___ DATASET RECORDS ___

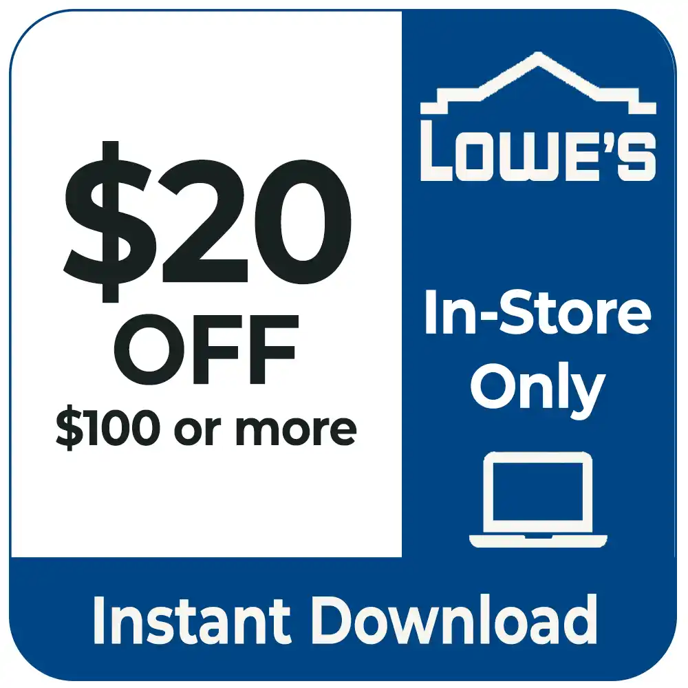 This $20 Off $100 Lowe’s Coupon is valid for in-store purchases only. Each coupon is single-use and applies to eligible in-stock or special-order merchandise on a $100+ single receipt (before tax and after applicable discounts). A scannable barcode is included for quick checkout.
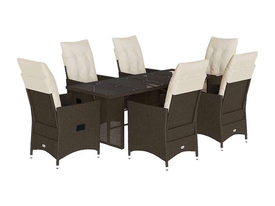Ensemble à manger de jardin et coussins 7 pièces marron rotin
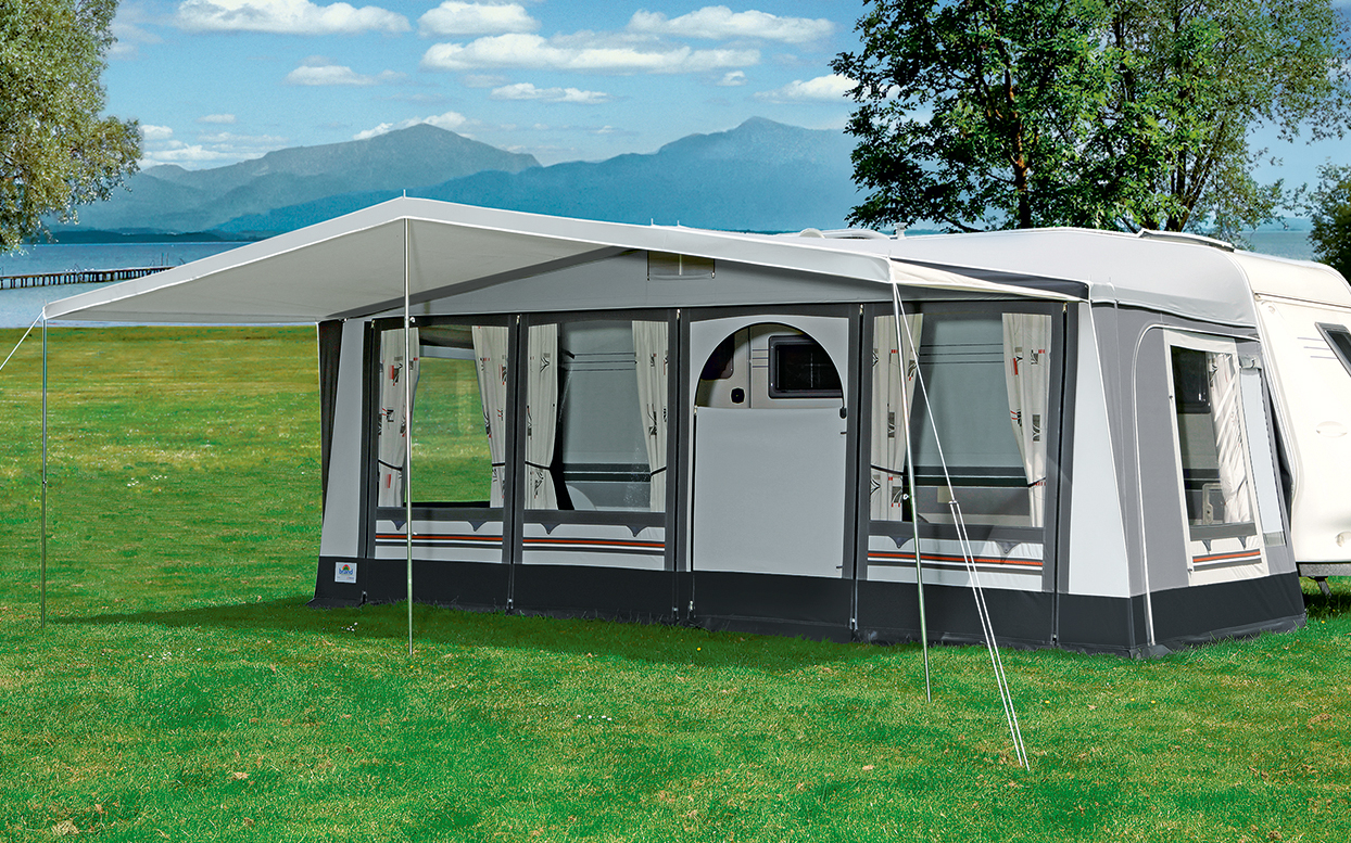 Das Sonnendach für Brand-Vorzelte – schnell einsatzbereit! Dises Universal Vorzelt-Sonnendach Solair können Sie in wenigen Minuten aufbauen. Bei starkem Wind und Regen oder während Ihrer Abwesenheit ist es schnell unter dem Vordach verstaut (siehe Kleinabbildungen). Das Brand Solair Sonnenvordach ist eine ideale Ergänzung Ihrer Campingausrüstung. Passend für fast alle Brand-Ganzeinzugszelte. Die ideale Gestängekonstruktion bietet zahlreiche Vorteile: passend an alle Brand-Ganzeinzugszelte mit Giebel und Vordach der Zeltgrößen 08 – 14 schneller und problemloser Aufbau durch eine sinnvolle Gestängeausstattung. Spezialadapter und Giebelstangen sorgen für eine optimale Passform, geben den notwendigen Halt auch zum Vorzelt. Vorzelt und Sonnendach bilden eine kompakte Einheit. einmal am Zelt fixiert, ist ein Abbau nicht nötig. Bei widrigen Witterungsverhältnissen wird das Sonnendach durch zwei Personen einfach aufgerollt. verstaut unter dem Vordach des Vorzeltes ist das Sonnendach vor Wind und Regen geschützt. Dachtiefe: ca. 240 cm. Serienmäßige Ausstattung: – Abspannseile und Heringe – Hakenstange zur Nutzung als Wohnwagensonnendach (nur mit eingeschränkter Passform!). Art Markisen und Dächer: Vordach und Sonnensegel, Art Sonnensegel/Vordächer: Sonnensegel, Art Wohnwagenvorzelte: Zubehör, Gestänge: Stahl Ø 22 x 1 mm, Material: TC, Vordach: Ja, Farbe: weiß, Gewicht: 15,4 kg, Umlaufmaß: 939 – 958 cm, Tiefe: 240 cm
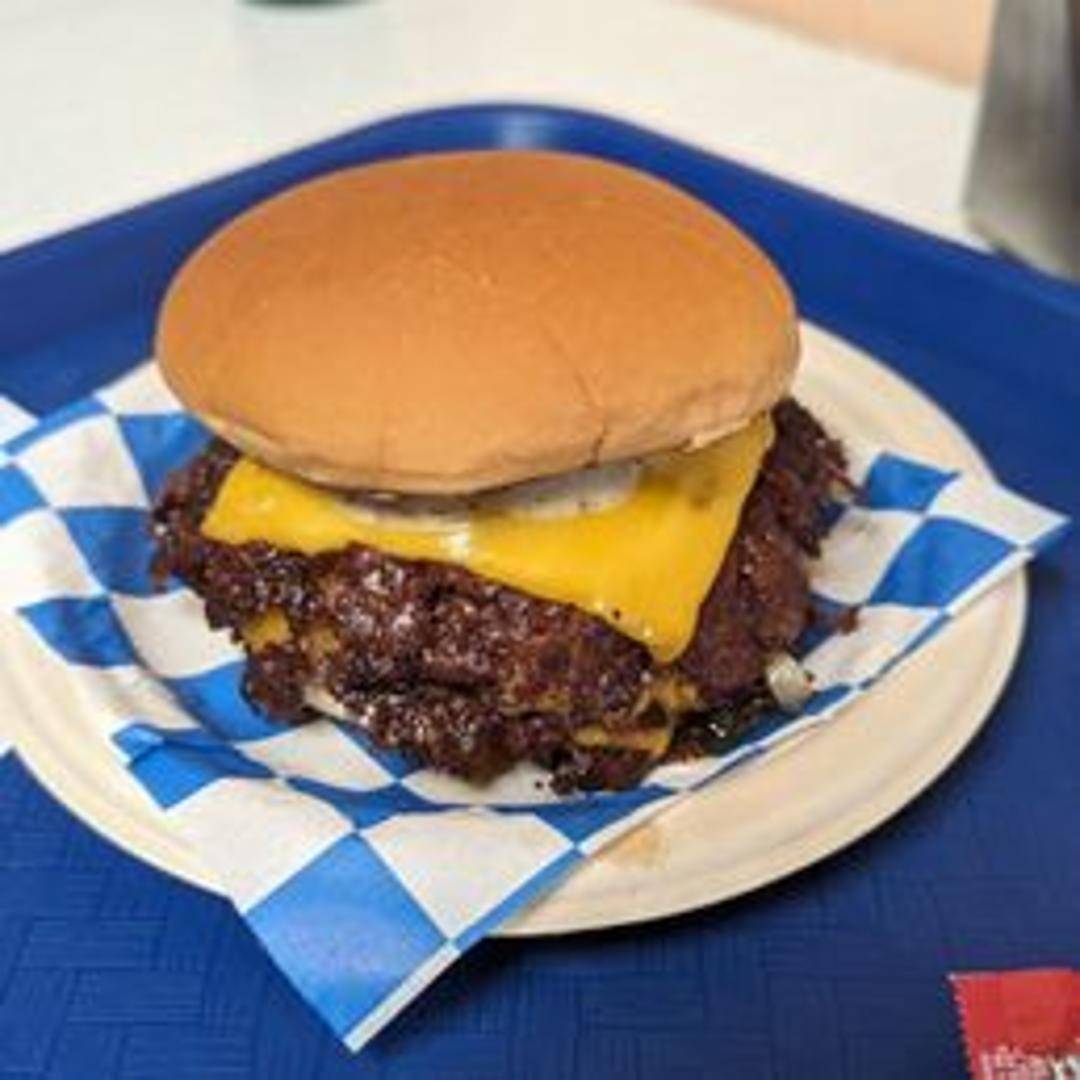 A thin and crispy smashed beef patty, American cheese, grilled onions, and pickles, served on a toasted bun.
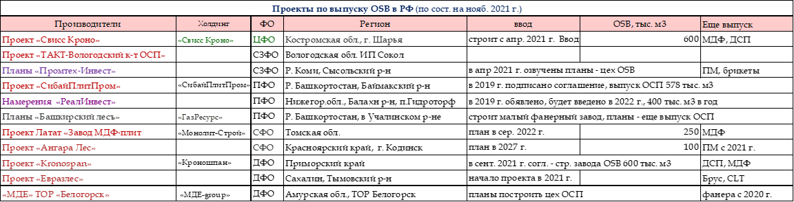 Проекты и планы на рынке плит OSB в России - 2021 г.
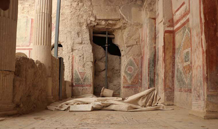 Kazı başkanı Prof. Dr. Kutalmış Görkay, 'Muzalar Evi'nde 16 metrelik toprak dolgunun kazılmasının ardından kaya odalara ulaşıldığını belirterek, "Tespit ettiğimiz ve çalışmaları bu yöne kaydırdığımız kaya odalarının üzerindeki 16 metrelik toprak dolguyu kazdık. Üzerindeki bu ağırlığı aldıktan sonra kaya odalarının içindeki kazılar için de çalışmalara başladık. İçindeki toprakların alındığı bu odada çalışmalar halen devam ediyor. Bu odaların korunması ve sağlamlaştırılması var. Oda içerisinde tavanlarda özellikle oldukça riskli çatlaklar yer alıyor. İçinde bulunduğumuz yıl sürecinde diğer kaya odasında da kazıları tamamlayacağız. Daha sonra koruma önlemlerini alarak enjeksiyonlarla veya çelik strüktürlerle oda güvenliğini sağlayarak bu alanları ziyaretlere açmayı düşünüyoruz" dedi.
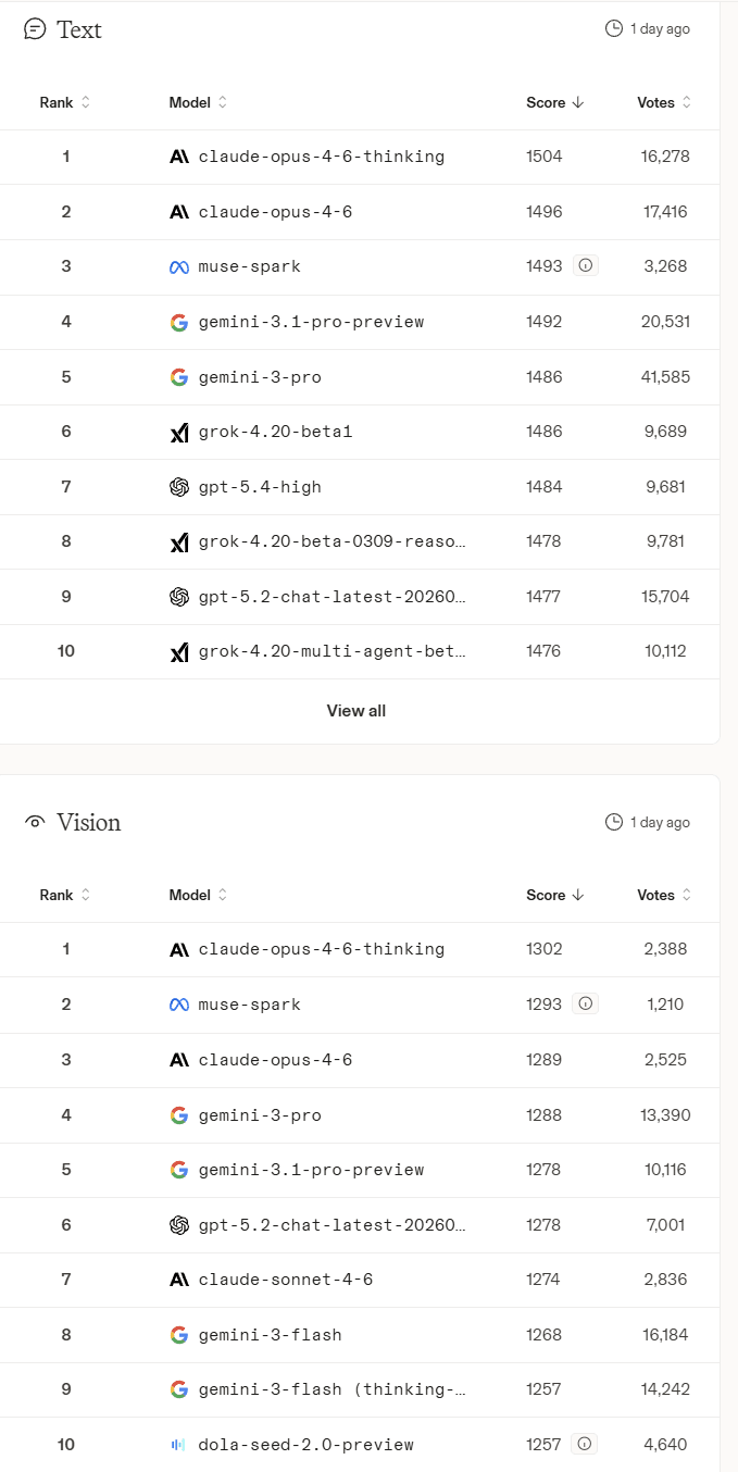 在 Llama 4 惨败之后,经过近 9 个月的 Meta 超级智能团队 (MSL) 重建,Meta 终于发布了新模型:Muse Spark!就在一个月前,《纽约时报》曾对Meta 开发这款前沿模型的努力持相当负面的态度,并声称 Meta 将推迟模型发布至 5 月。然而,Meta 提前一个月发布了模型,这让投资者们惊喜不已。或许更令人欣喜的是,这款模型的表现相当出色。在 Arena(原 LMArena)的排行榜上,Muse Spark 目前在文本和视觉方面仅次于 Claude 4.6,但在编码等其他方面仍存在显著差距。不过,考虑到 Meta AI 的目标用户群体是消费者,编码可能并非其最擅长的应用场景。
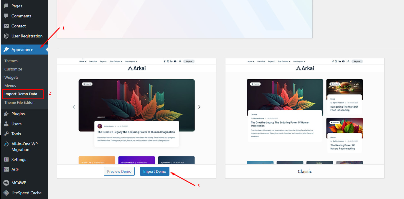Arkai theme has 2 demo content. You can import our demo content just one click.
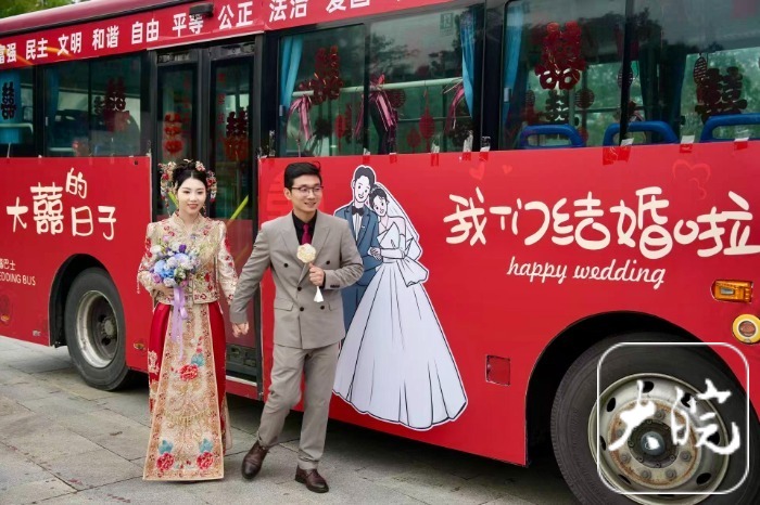 在面对婚礼形式时,上一辈人和新人的想法往往有不少冲突。自古以来,中国人对婚礼都极为重视,“风光出嫁”的观念烙印在老一辈心中,但小江和晶晶的父母对“公交车”接亲的想法非常赞同。“我们非常尊重孩子的想法,公交车接亲非常环保又节约,我们都很支持。”新娘爸爸詹先生说道。
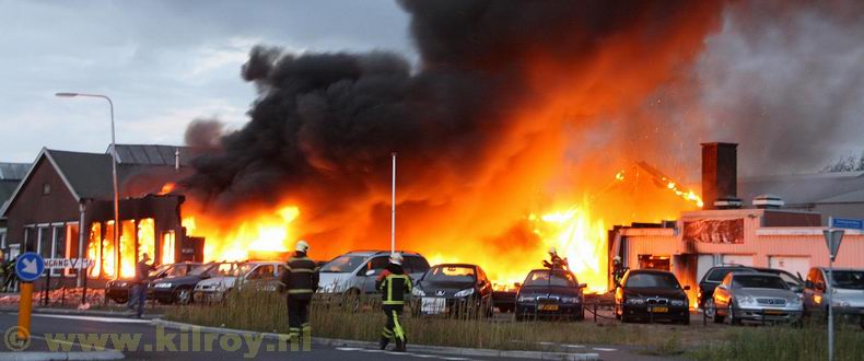 | Donderdagavond rond kwart over zeven brak er brand uit bij autobedrijf aan de Jollesweg. Volgens de eerste berichten zou de brand woeden in een poetsbedrijf, maar al snel bleek, dat autohandel V-Max volledig door een grote vuurzee verteerd werd en tot de grond toe afbrandde. |

___

*TASK BRIEF*
Write out the data word for word. Any picture is to be skipped.

*ANSWER SPACE*
 This $20 Off $100 Lowe’s Coupon is valid for in-store purchases only. Each coupon is single-use and applies to eligible in-stock or special-order merchandise on a $100+ single receipt (before tax and after applicable discounts). A scannable barcode is included for quick checkout.
Ensemble à manger de jardin et coussins 7 pièces marron rotin
 Das Sonnendach für Brand-Vorzelte – schnell einsatzbereit! Dises Universal Vorzelt-Sonnendach Solair können Sie in wenigen Minuten aufbauen. Bei starkem Wind und Regen oder während Ihrer Abwesenheit ist es schnell unter dem Vordach verstaut (siehe Kleinabbildungen). Das Brand Solair Sonnenvordach ist eine ideale Ergänzung Ihrer Campingausrüstung. Passend für fast alle Brand-Ganzeinzugszelte. Die ideale Gestängekonstruktion bietet zahlreiche Vorteile: passend an alle Brand-Ganzeinzugszelte mit Giebel und Vordach der Zeltgrößen 08 – 14 schneller und problemloser Aufbau durch eine sinnvolle Gestängeausstattung. Spezialadapter und Giebelstangen sorgen für eine optimale Passform, geben den notwendigen Halt auch zum Vorzelt. Vorzelt und Sonnendach bilden eine kompakte Einheit. einmal am Zelt fixiert, ist ein Abbau nicht nötig. Bei widrigen Witterungsverhältnissen wird das Sonnendach durch zwei Personen einfach aufgerollt. verstaut unter dem Vordach des Vorzeltes ist das Sonnendach vor Wind und Regen geschützt. Dachtiefe: ca. 240 cm. Serienmäßige Ausstattung: – Abspannseile und Heringe – Hakenstange zur Nutzung als Wohnwagensonnendach (nur mit eingeschränkter Passform!). Art Markisen und Dächer: Vordach und Sonnensegel, Art Sonnensegel/Vordächer: Sonnensegel, Art Wohnwagenvorzelte: Zubehör, Gestänge: Stahl Ø 22 x 1 mm, Material: TC, Vordach: Ja, Farbe: weiß, Gewicht: 15,4 kg, Umlaufmaß: 939 – 958 cm, Tiefe: 240 cm
 A thin and crispy smashed beef patty, American cheese, grilled onions, and pickles, served on a toasted bun.
 Проекты и планы на рынке плит OSB в России - 2021 г.
 Kazı başkanı Prof. Dr. Kutalmış Görkay, 'Muzalar Evi'nde 16 metrelik toprak dolgunun kazılmasının ardından kaya odalara ulaşıldığını belirterek, "Tespit ettiğimiz ve çalışmaları bu yöne kaydırdığımız kaya odalarının üzerindeki 16 metrelik toprak dolguyu kazdık. Üzerindeki bu ağırlığı aldıktan sonra kaya odalarının içindeki kazılar için de çalışmalara başladık. İçindeki toprakların alındığı bu odada çalışmalar halen devam ediyor. Bu odaların korunması ve sağlamlaştırılması var. Oda içerisinde tavanlarda özellikle oldukça riskli çatlaklar yer alıyor. İçinde bulunduğumuz yıl sürecinde diğer kaya odasında da kazıları tamamlayacağız. Daha sonra koruma önlemlerini alarak enjeksiyonlarla veya çelik strüktürlerle oda güvenliğini sağlayarak bu alanları ziyaretlere açmayı düşünüyoruz" dedi.
 在 Llama 4 惨败之后,经过近 9 个月的 Meta 超级智能团队 (MSL) 重建,Meta 终于发布了新模型:Muse Spark!就在一个月前,《纽约时报》曾对Meta 开发这款前沿模型的努力持相当负面的态度,并声称 Meta 将推迟模型发布至 5 月。然而,Meta 提前一个月发布了模型,这让投资者们惊喜不已。或许更令人欣喜的是,这款模型的表现相当出色。在 Arena(原 LMArena)的排行榜上,Muse Spark 目前在文本和视觉方面仅次于 Claude 4.6,但在编码等其他方面仍存在显著差距。不过,考虑到 Meta AI 的目标用户群体是消费者,编码可能并非其最擅长的应用场景。
Arkai theme has 2 demo content. You can import our demo content just one click.
 在面对婚礼形式时,上一辈人和新人的想法往往有不少冲突。自古以来,中国人对婚礼都极为重视,“风光出嫁”的观念烙印在老一辈心中,但小江和晶晶的父母对“公交车”接亲的想法非常赞同。“我们非常尊重孩子的想法,公交车接亲非常环保又节约,我们都很支持。”新娘爸爸詹先生说道。
 | Donderdagavond rond kwart over zeven brak er brand uit bij autobedrijf aan de Jollesweg. Volgens de eerste berichten zou de brand woeden in een poetsbedrijf, maar al snel bleek, dat autohandel V-Max volledig door een grote vuurzee verteerd werd en tot de grond toe afbrandde. |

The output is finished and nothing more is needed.